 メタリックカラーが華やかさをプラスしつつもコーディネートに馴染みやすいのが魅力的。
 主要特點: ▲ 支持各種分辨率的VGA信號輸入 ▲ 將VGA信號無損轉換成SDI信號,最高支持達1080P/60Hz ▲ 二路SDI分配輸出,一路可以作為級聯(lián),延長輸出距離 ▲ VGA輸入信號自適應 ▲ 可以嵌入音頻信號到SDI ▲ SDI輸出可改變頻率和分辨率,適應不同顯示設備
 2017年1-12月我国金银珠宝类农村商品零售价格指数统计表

---

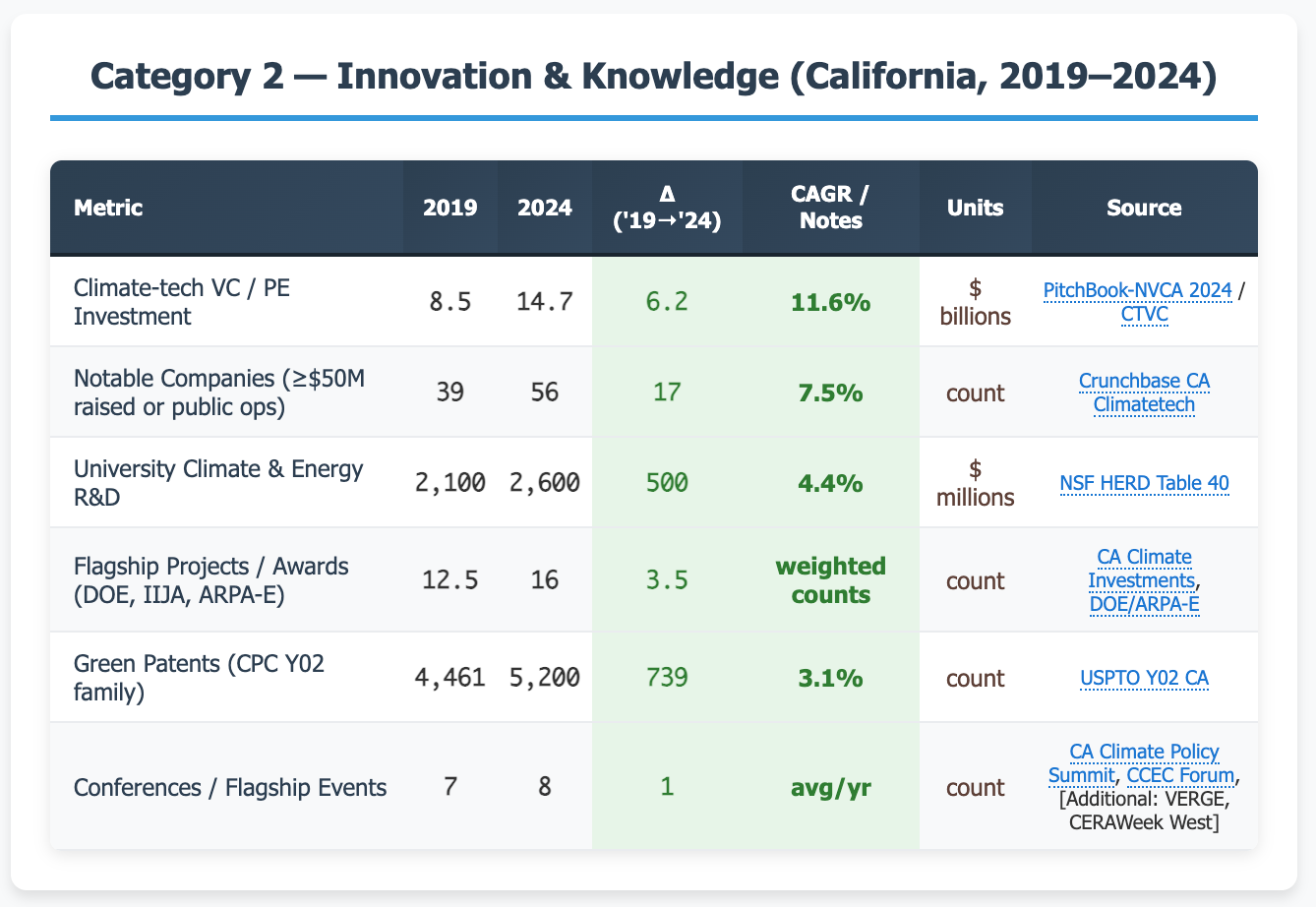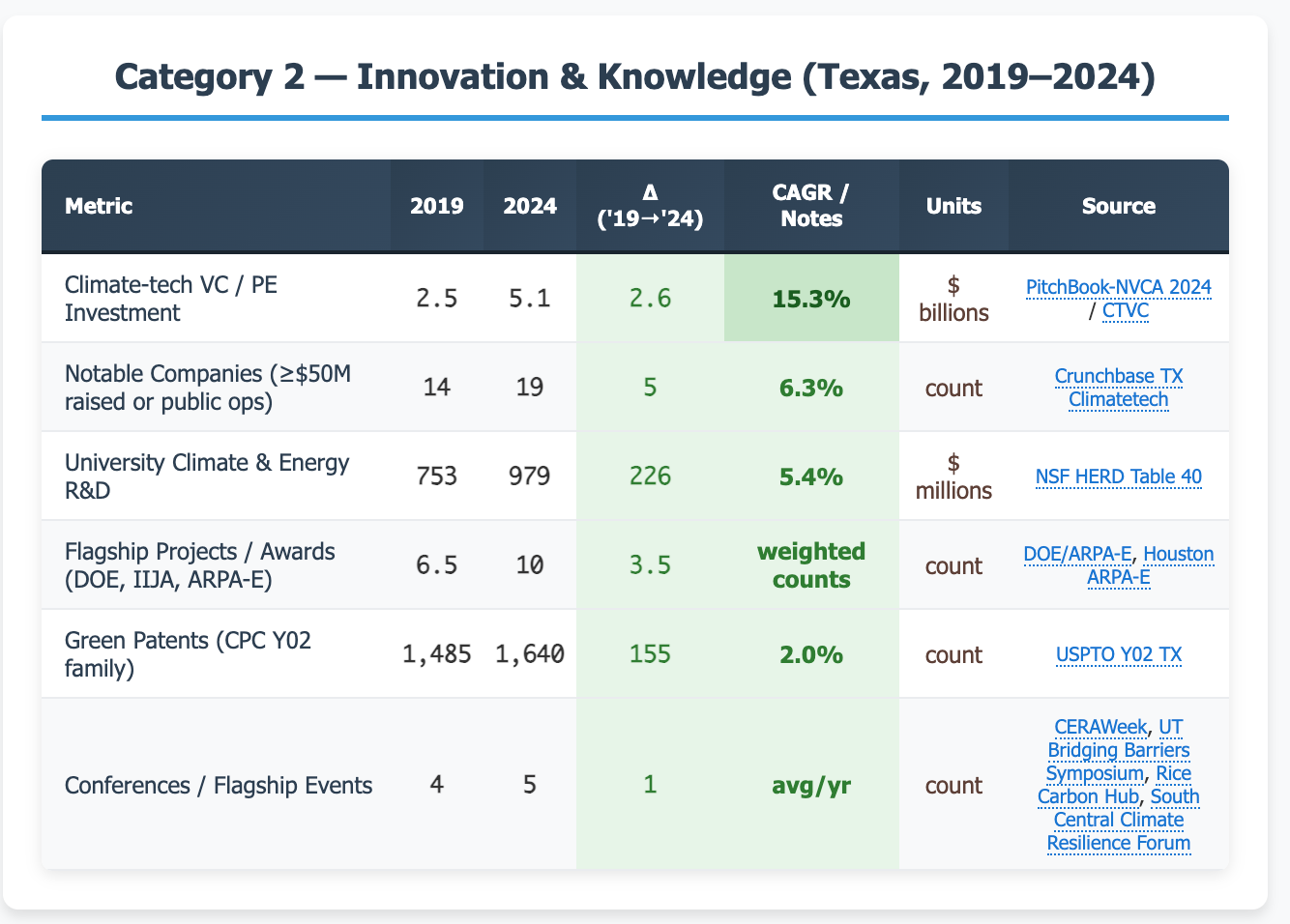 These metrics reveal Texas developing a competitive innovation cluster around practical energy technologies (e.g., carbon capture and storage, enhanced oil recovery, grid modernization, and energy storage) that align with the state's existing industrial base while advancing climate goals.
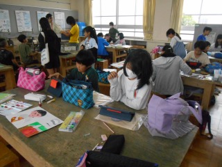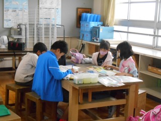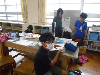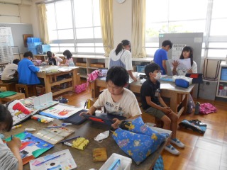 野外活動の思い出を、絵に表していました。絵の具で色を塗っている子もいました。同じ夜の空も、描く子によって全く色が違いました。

● PROBLEM TO WORK ON:
Write out, from the lines above, only those from the line with "主要特點: ▲ 支持各種分辨率的VGA信號輸入" to the line with "2017年1-12月我国金银珠宝类农村商品零售价格指数统计表", exactly as given, including the first and the last.

● RESULT OF THE TASK:
 主要特點: ▲ 支持各種分辨率的VGA信號輸入 ▲ 將VGA信號無損轉換成SDI信號,最高支持達1080P/60Hz ▲ 二路SDI分配輸出,一路可以作為級聯(lián),延長輸出距離 ▲ VGA輸入信號自適應 ▲ 可以嵌入音頻信號到SDI ▲ SDI輸出可改變頻率和分辨率,適應不同顯示設備
 2017年1-12月我国金银珠宝类农村商品零售价格指数统计表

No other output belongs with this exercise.